Exercise description ▸
Could you transcribe all of the data exactly and skip any pictures?

Source data ▸
◇ ◇ ◇ ◇ ◇ ◇ ◇

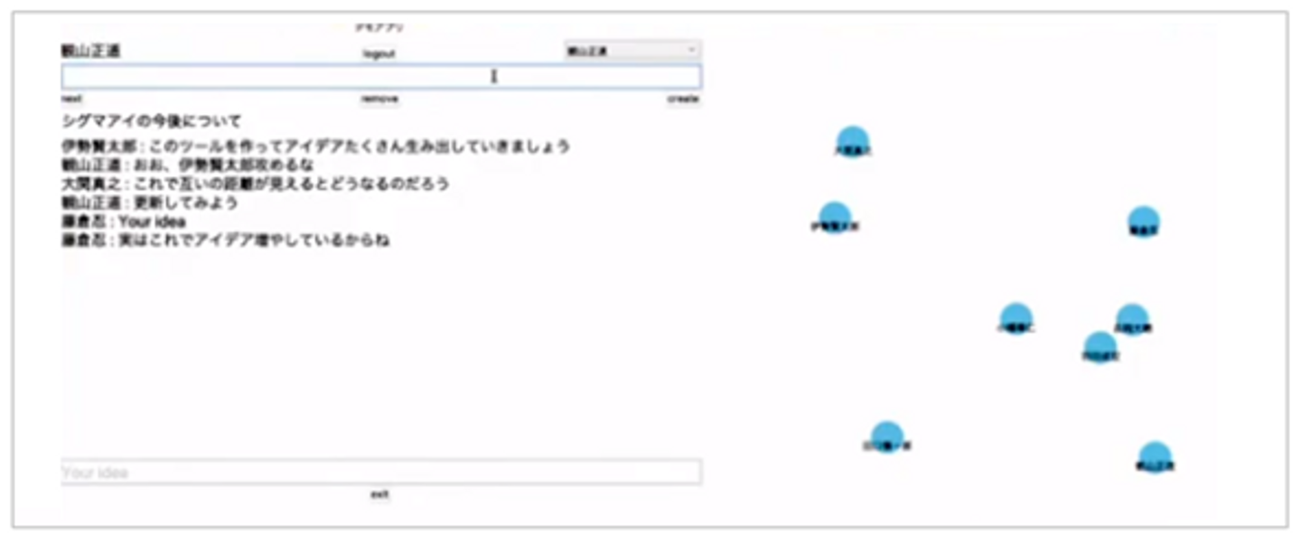 ここをちょっとブラックボックスにしているわけですよ。これが、どう言葉を入れていくと、どうコミュニケーションしていくと、マップが変わるかというのを探りながらやるわけですよね。そうすると、移動がちょっと不自由なわけですけど、ある種ブラックボックスになっているので、これで、例えばAさんとBさんが近づいてくれたということになれば、あ、俺とあの人、この話題で盛り上がると近づいていくんだということが分かります。あ、こいつと今ディスカッションするべきだなとか、そういうふうに、今みんながどういう状態にあるかの可視化もしているんですよ。
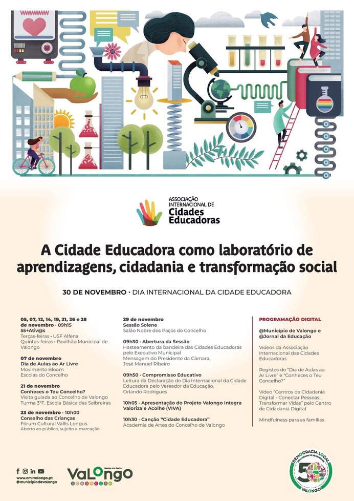 Sob o tema "A Cidade Educadora como laboratório de aprendizagens, cidadania e transformação social" comemora-se no próximo dia 30 de novembro, o Dia Internacional da Cidade Educadora. E Valongo vai assinalar a data com a realização de um vasto conjunto de iniciativas que pode consultar aqui.
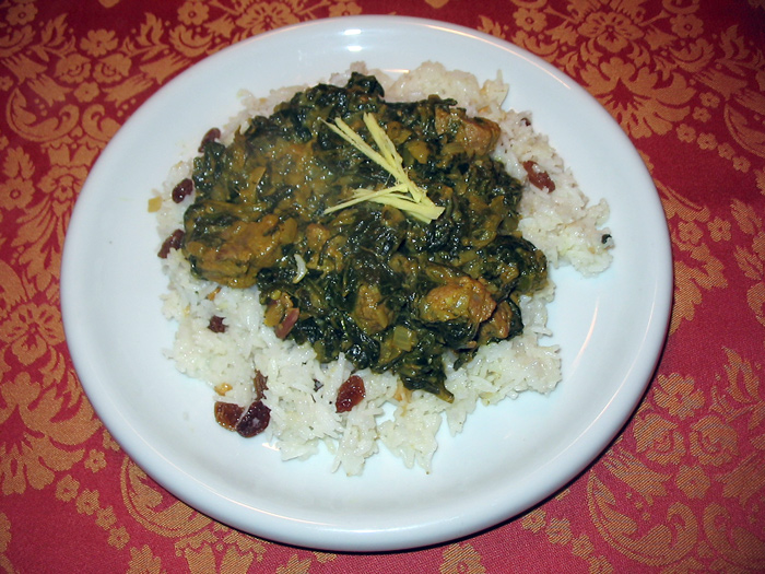 Das Ghee in einem Topf erhitzen, die Zwiebeln darin in 1-2 Minuten hellbraun anbraten, Ingwer-Knoblauch-Paste und das Fleisch zugeben und unter Rühren 5-7 Minuten anbraten. Koriander, Kreuzkümmel, Kurkuma, Chilipulver und Joghurt unter das Fleisch rühren, salzen und 6-8 Minuten unter Rühren kochen lassen. Den Spinat zugeben und zugedeckt bei schwacher Hitze 35-40 Minuten köcheln lassen. Dabei gelegentlich umrühren und ggf. etwas Wasser angießen.
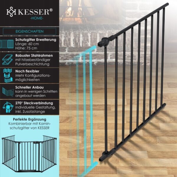 KESSER Bramka Zabezpieczająca Dla Dzieci Osłona Kominkowa Jednoelementowa Czarna

◇ ◇ ◇ ◇ ◇ ◇ ◇

Output for this task ▸
 ここをちょっとブラックボックスにしているわけですよ。これが、どう言葉を入れていくと、どうコミュニケーションしていくと、マップが変わるかというのを探りながらやるわけですよね。そうすると、移動がちょっと不自由なわけですけど、ある種ブラックボックスになっているので、これで、例えばAさんとBさんが近づいてくれたということになれば、あ、俺とあの人、この話題で盛り上がると近づいていくんだということが分かります。あ、こいつと今ディスカッションするべきだなとか、そういうふうに、今みんながどういう状態にあるかの可視化もしているんですよ。
 Sob o tema "A Cidade Educadora como laboratório de aprendizagens, cidadania e transformação social" comemora-se no próximo dia 30 de novembro, o Dia Internacional da Cidade Educadora. E Valongo vai assinalar a data com a realização de um vasto conjunto de iniciativas que pode consultar aqui.
 Das Ghee in einem Topf erhitzen, die Zwiebeln darin in 1-2 Minuten hellbraun anbraten, Ingwer-Knoblauch-Paste und das Fleisch zugeben und unter Rühren 5-7 Minuten anbraten. Koriander, Kreuzkümmel, Kurkuma, Chilipulver und Joghurt unter das Fleisch rühren, salzen und 6-8 Minuten unter Rühren kochen lassen. Den Spinat zugeben und zugedeckt bei schwacher Hitze 35-40 Minuten köcheln lassen. Dabei gelegentlich umrühren und ggf. etwas Wasser angießen.
 KESSER Bramka Zabezpieczająca Dla Dzieci Osłona Kominkowa Jednoelementowa Czarna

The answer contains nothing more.